Гермиона стояла в темноте прихожей, и чувство вины накатывало волнами, тяжелыми и удушающими. Оно сжимало горло, заставляло сердце биться чаще. Она сбросила с себя пиджак Беллатрикс — тот самый, что согревал ее на балконе, и он упал на пол бесформенной темной массой, словно олицетворяя все, что она натворила.

Она пошла наверх, в свою комнату, машинально снимая с себя алое платье. Шелк, который еще недавно казался ей доспехами, теперь висел на ней как яркий, насмешливый символ ее собственной глупости и неблагодарности. Она натянула старую, мягкую футболку и пижамные штаны, но комфорт от привычной ткани не пришел.

Мысли крутились по одному и тому же кругу. За что? За что она так с ней? Беллатрикс не сделала ей ничего плохого. Ни разу. Даже сегодня, даже после ее истерики на балконе, она пришла на помощь. Спасла ее. От той самой аллергии, в которую Гермиона отказалась верить. А она вела себя как испуганный, злой ребенок, который бьет того, кто пытается его утешить.

Это осознание было горьким и жгучим. Она чувствовала себя последней дрянью.

Решение пришло внезапно и ясно. Она не могла это так оставить. Не сейчас. Она должна найти ее. Извиниться или объясниться. Она не знала. Но она должна была что-то сказать.

Она вышла из комнаты и начала обыскивать дом. Его тишина теперь казалась ей враждебной, осуждающей. Она проверила кабинет — пусто. Гостиную — только потухший камин. Библиотеку — темно и безлюдно. Она даже заглянула в их общую спальню — кровать была нетронута, идеально заправлена, и от этого стало еще больнее.

Она спустилась вниз, заглянула на кухню. Нигде. Беллатрикс будто испарилась, растворилась в самом воздухе этого дома, который вдруг показался таким огромным и пустынным.

Гермиона остановилась посреди гостиной, беспомощно оглядываясь. Ее руки бессильно повисли вдоль тела. Она не нашла ее. Она осталась одна со своим стыдом, своей виной и гулом тишины, который, казалось, шептал ей одно: «Ты упустила свой шанс».

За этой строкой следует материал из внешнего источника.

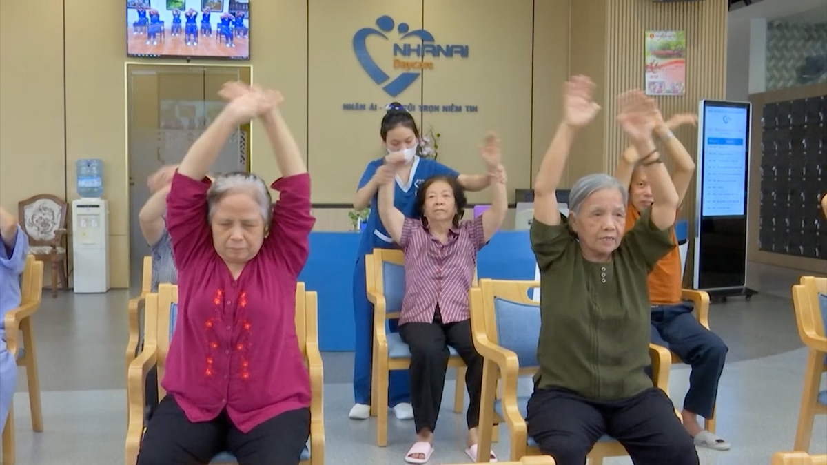 Lớp học bán trú dành cho người cao tuổi là mô hình mới ở Hà Nội, đến đây mọi người được luyện tập sức khỏe theo nhạc, vui chơi và rèn luyện sức khỏe.
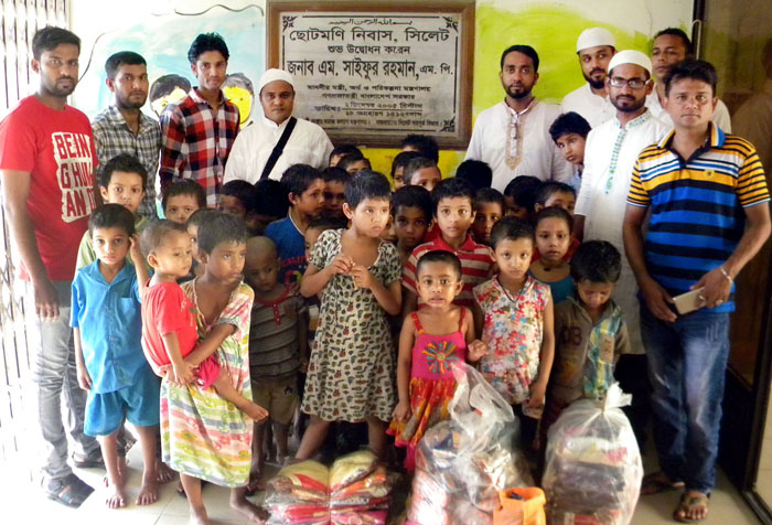 সিলেট নগরীর বাগবাড়ীস্থ ছোট মণি নিবাসের শিশুদের মধ্যে ঈদ বস্ত্র বিতরণ করেছেন তরুণ পাঁচ সমাজকর্মী। শুক্রবার দুপুরে ছোট মণি নিবাসের শিশুদের মধ্যে ঈদ বস্ত্র ও জুতা বিতরণ করা হয়।
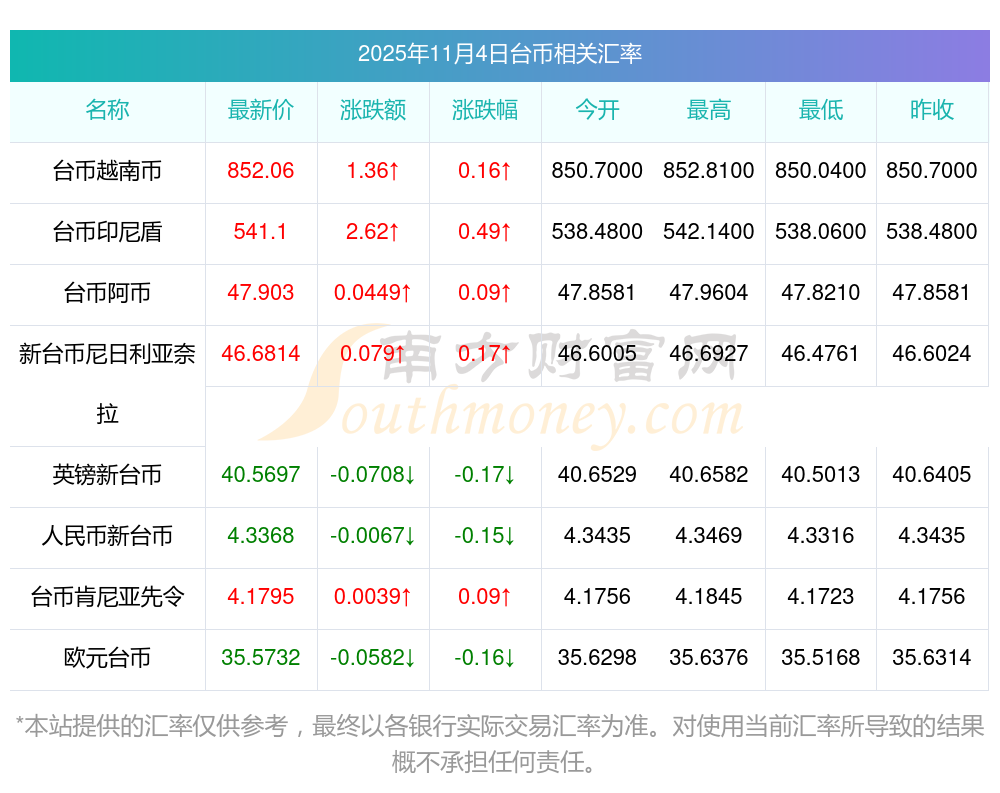 2025年11月4日臺幣相關匯率查詢
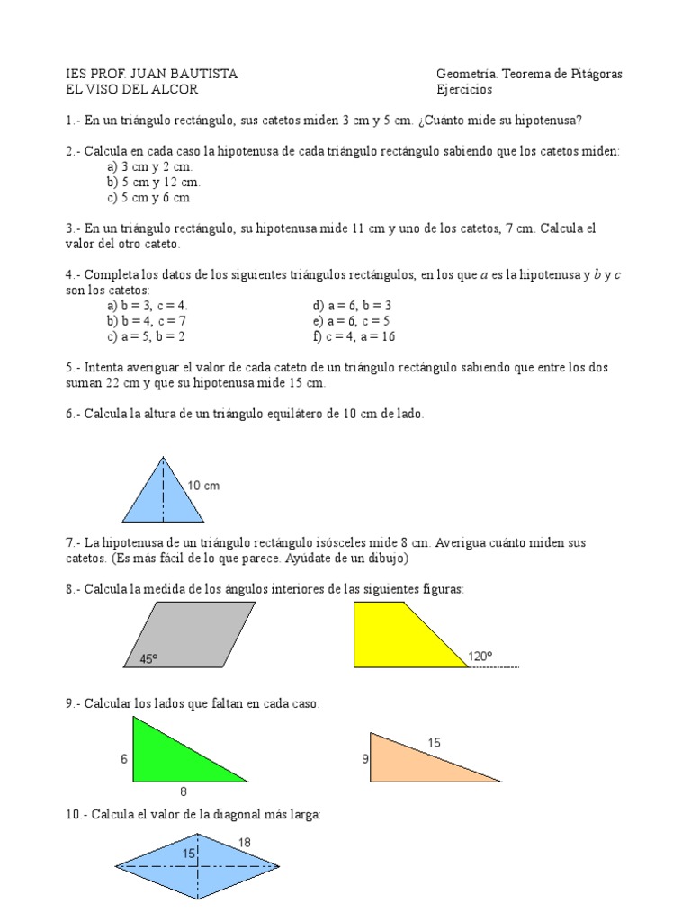 Pdf Ejercicios Pitagoras 2ºeso Geometria Clasica Triangulo
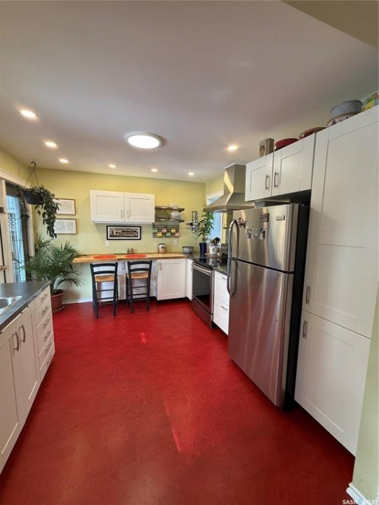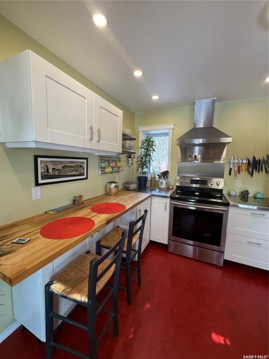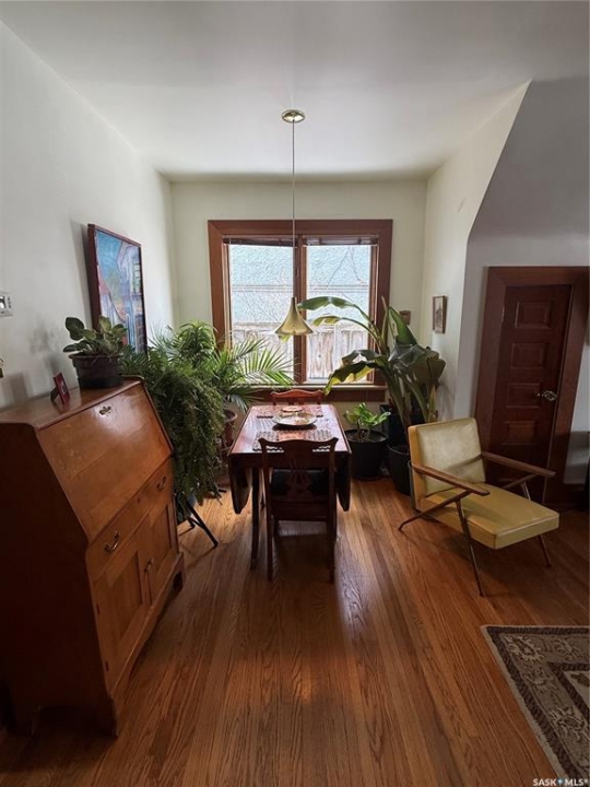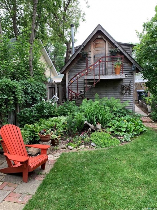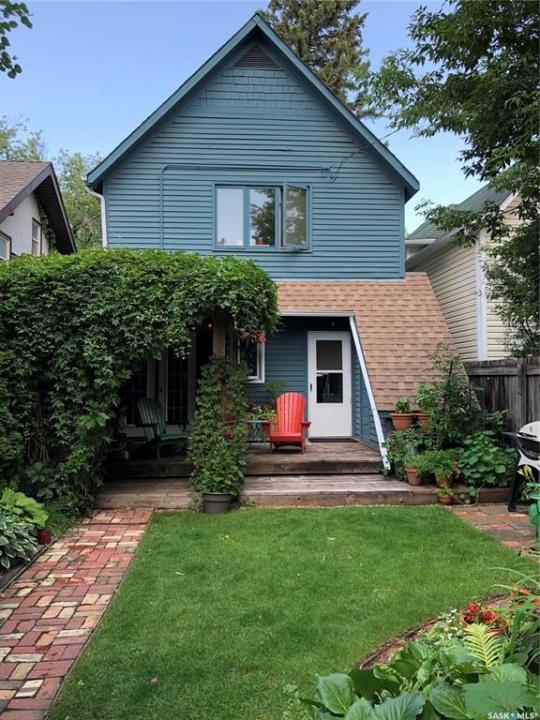 Charming character home in one of Saskatoon's most sought-after neighbourhoods — welcome to Buena Vista. From the moment you arrive, the enclosed front veranda draws you in, offering a cozy spot to relax beneath a canopy of beautiful mature trees on one of the area's most beloved streets. Step inside to a warm and inviting living room featuring built-in bookshelves and a charming mantle area that captures everything you love about character home living. The fully renovated kitchen (2018) comes with updated appliances — F/S, Dishwasher — stainless steel countertops flanking the stove, a stainless steel backsplash above, and a stunning stainless steel hood fan that anchors the space. A breakfast bar adds a casual dining option, garden doors off the kitchen lead you directly to the back deck — where a capped gas line is ready for barbecue hookup — and a convenient pantry keeps everything within easy reach. Upstairs, you'll find both bedrooms along with a generous den area nestled between them — a flexible space perfect for a home office, reading nook, or hobby room. Both bedrooms feature engineered hardwood flooring, and the den carries warm wood flooring throughout. The primary bedroom features a 2-piece ensuite, while the beautifully appointed 4-piece bath — fully renovated in 2019. The home has been well maintained with new shingles (2020), a new water heater (2025), and a new washer and dryer (2024) — all included. Step out back to a backyard that truly delivers — a covered deck attached to the home, lush grass kept effortlessly green by underground sprinklers (rear yard), and an abundance of established perennials that put on a show every season. The 12' × 20' single detached garage is topped with a finished, insulated three-season loft — ideal as an art studio, home office, or creative retreat. The AlarmTech security system is paid out and stays with the home.Preferred Possession available June 1st /26. A rare find in Buena Vista. Listed at $448,900 mls
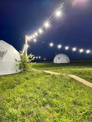 «Космосфера» — это впечатляюще красивый глэмпинг, расположенный на живописном побережье озера Ильмень. Оборудован удобный спуск к воде.
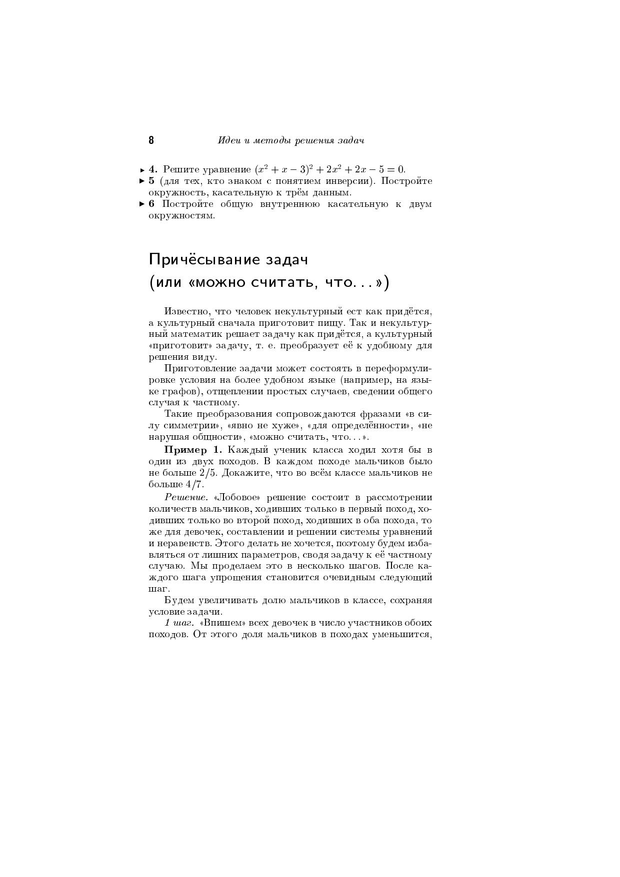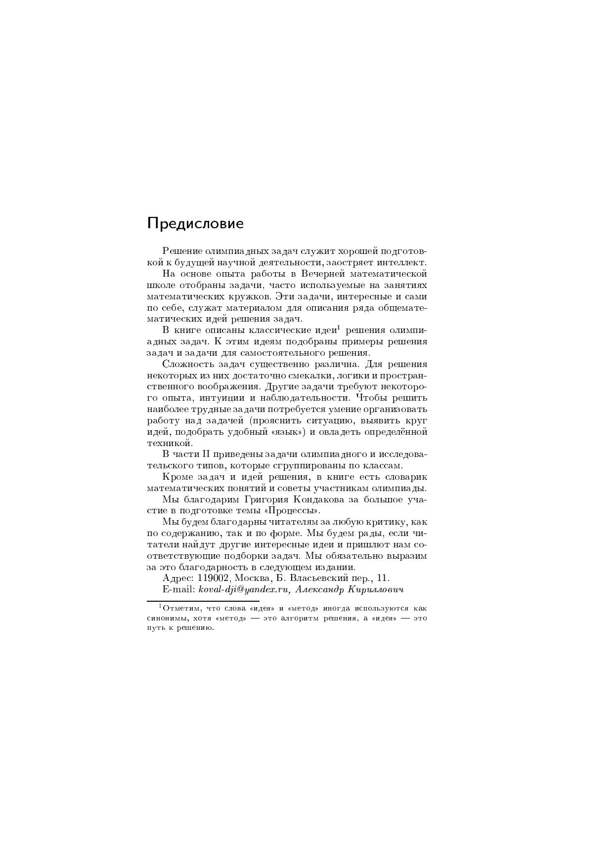 В книге описан ряд классических идей решения олимпиадных задач, которые для большинства школьников являются нестандартными. Каждая идея снабжена комментарием, примерами решения задач и задачами для самостоятельного решения. Приведены подборки задач олимпиадного и исследовательского типов (всего 200 задач), которые сгруппированы по классам.Сборник адресован старшеклассникам, учителям, руководителям кружков и всем любителям математики. Предыдущее издание книги вышло в 2008 г.

Мысль ударила ее, как вспышка. Оранжерея. Место, где пахло влажной землей и тишиной.

Гермиона почти побежала по темным коридорам, ее босые ноги бесшумно шлепали по холодному паркету. Она отодвинула тяжелую стеклянную дверь, и ее обдало волной теплого, влажного воздуха, густо наполненного ароматом цветущих орхидей, жасмина и чего-то еще, терпкого и землистого.

Сад был погружен в полумрак, подсвеченный лишь лунным светом, пробивавшимся сквозь стеклянный купол, и мягким, призрачным свечением магических светильников, спрятанных среди листвы.

И там, в самом центре, у клумбы с темно-бордовыми розами, чьи бархатные лепестки казались почти черными в ночи, стояла она.

Беллатрикс. Неподвижная, как изваяние. Ее спина была прямой, плечи отведенными назад, но в этой идеальной позе читалась такая бесконечная, всепоглощающая усталость, что у Гермионы сжалось сердце. Она не трогала цветы, не срывала их в порыве ярости или отчаяния. Она просто смотрела на них. Ее темный силуэт будто растворялся в сумраке, становясь его частью.

Она услышала ее шаги, но не обернулась. Не подала виду, что заметила ее присутствие. Она просто продолжала смотреть на розы, будто ища в их темной глубине ответы на вопросы, которые нельзя было задать вслух.

Гермиона замерла на пороге, внезапно осознав всю глубину своего вторжения в это частное, безмолвное горе. Но отступать было уже поздно.

Гермиона сделала неуверенный шаг вперед, затем еще один. Плитка под босыми ногами была холодной. Воздух в оранжерее был густым и тяжелым, как и молчание между ними.

— Беллатрикс, я... — ее голос прозвучал хрипло, сорвавшимся шепотом.

— Чего ты хочешь, Гермиона? — Беллатрикс не обернулась. Ее вопрос прозвучал не грубо, а устало. До ужаса устало. Как будто она уже не ждала ничего хорошего.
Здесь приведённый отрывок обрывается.